T cell immunity to human immunodeficiency virus and human herpesvirus type 8 Date Added: 8/4/2003 9:22:00 AM
Last Updated: 5/17/2006 10:22:00 AM
Description of projects available to graduate students:
My laboratory focuses on delineating T cell immunity to two important human pathogens, i.e., human immunodeficiency virus type 1 (HIV-1) and human herpesvirus type 8 (HHV-8/KSHV). AIDS is due to a loss in T cell immunity caused by HIV-1 infection. Although there are new drugs that suppress the virus in many people, these treatments are not a cure. And moreover, there is still no vaccine to prevent HIV-1 infection.

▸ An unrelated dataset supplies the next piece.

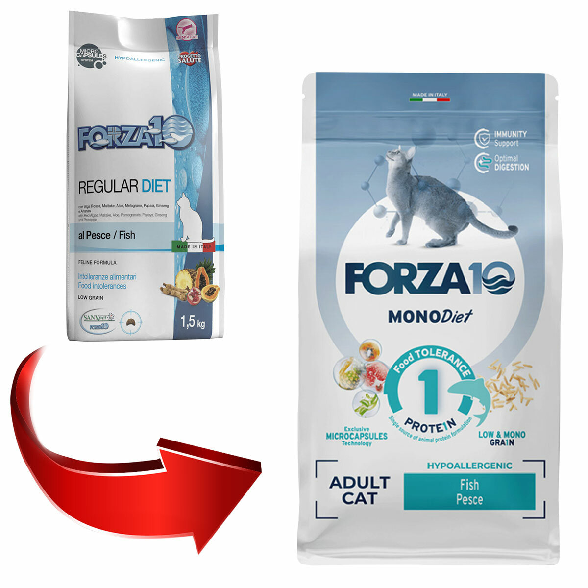 Forza10 MonoDiet Pesce сухой монобелковый корм для взрослых кошек при аллергии и повышенной чувствительности к животным белкам из океанической рыбы - 1,5 кг

Thus we need to understand how this retrovirus destroys the immune system, particularly the T cell immune response, thus leading to opportunistic infections and cancers defined as AIDS. In addition, one of the major types of AIDS is Kaposi's sarcoma (KS), a blood vessel cell cancer that is caused by HHV-8, a herpesvirus. This cancer may be due in part to loss of T cell immunity to HHV-8, thus allowing the virus to initiate the growth of the cancer cells.

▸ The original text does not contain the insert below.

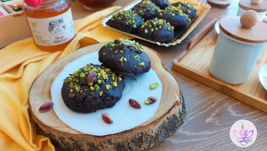 Dit jaar ben ik er eindelijk in geslaagd om de beroemde Rame di Napoli te maken, die ondanks hun naam eigenlijk typische Catalaanse zoetigheden zijn, normaal geconsumeerd vanaf Allerheiligen en tijdens de Herdenking van de doden tot aan de Kerstperiode! Het recept voor deze prachtige zachte en kruidige koekjes, is te danken aan een vriend van mij, een banketbakker uit de omgeving van Mascali, die het me drie jaar geleden gaf. Echter, om verschillende redenen die ik hier niet zal opsommen, heb ik pas dit jaar de gelegenheid gehad om het op de blog te delen! Nou, beter laat dan nooit! Als je nog nooit op Sicilië bent geweest, en dus niet de kans hebt gehad om ze te proeven, zul je met dit recept het geluk hebben om te genieten van cacaozoetigheden, super aromatisch en bedekt met een pure chocoladeglazuur en pistachegranulaat waar je dol op zult zijn! Het verhaal van dit iconische koekje is volgens de meest geaccepteerde uitleg gekoppeld aan de bereiding ervan door een Catalaanse banketbakker ter viering van de speciale munt in koperlegering, geïntroduceerd in 1816 met de Eenwording van het Koninkrijk der Beide Siciliën onder de Bourbons, waarvan Napels de hoofdstad was! Andere hypotheses doen vandaag de ronde, maar wat hun oorsprong en de reden voor hun naam ook moge zijn, de Rame zijn absoluut onweerstaanbaar! Hun bereiding lijkt misschien onmogelijk, maar is in feite echt eenvoudig. Je hoeft slechts alle ingrediënten te mengen in een kom en de koekjes met de hand te vormen. Na het bakken kun je ze glazuren, met het geduld om te wachten tot de coating droog is voordat je ze allemaal opeet! Ik weet het, het is moeilijk maar het is mogelijk! Wat ik je hier aanbied, is het recept in zijn originele versie, gemaakt met Siciliaanse sinaasappelmarmelade zowel in het deeg als onder de chocoladelaag. Maar er zijn veel andere varianten die ik je later zal laten zien, die zelfs nog smakelijkere vulling bevatten, zoals die met Nutella of, mijn favorieten, met hazelnootcrème, amandelcrème en pistachecrème.

Projects in my lab that are open to new students are:
1. Engineering of dendritic cells (DCs) to enhance T cell immunity to HIV-1.

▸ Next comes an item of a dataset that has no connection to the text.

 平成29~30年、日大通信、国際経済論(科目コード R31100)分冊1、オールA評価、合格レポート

The goal of this project is to biologically engineer DCs, the most potent antigen-presenting cells, by loading them with different forms of HIV-1 antigens and cytokines and chemokines (proteins that regulate how DCs and T cells function). We are then assessing how these DCs turn on T cells against HIV-1, with ongoing clinical trials using these approaches as therapies to augment the immunity in patients with HIV-1 infection.
A new, exciting aspect of this work is the role of B lymphocytes in transmission of HIV-1 to T cells. We have found that B cells express DC-SIGN, a C type lectin receptor, which binds HIV-1 and enhances down-stream replication of HIV-1 in T cells. We are now defining the molecular pathways involved in this process, which we believe could play a previously unknown, central role in HIV-1 pathogenesis.
2. Delineation of T cell responses to HHV-8/KSHV
Although it is now accepted that HHV-8 causes KS and some other, rare cancers, there is no information on how it does this. We believe that loss of T cell immunity to HHV-8, especially due to HIV-1 infection, is key to development of KS. My lab has developed new assays for measuring T cell immunity to HHV-8 and its potential role in onset of KS and other cancers possibly caused by this virus. A new, very exciting aspect of this work is that we have recently discovered that DC-SIGN serves as a receptor for HHV-8 infection of all types of cells that are targeted by the virus in vivo. This could have importance to the pathogenesis and oncogenicity of the virus.
Techniques graduate student will learn:
T cell and DC functional assays, flow cytometry, cytokine assays, quantitative real-time RT-PCR, immunohistochemistry, confocal microscopy, HIV and HHV-8/KSHV virology, molecular biological assays, electron microscopy.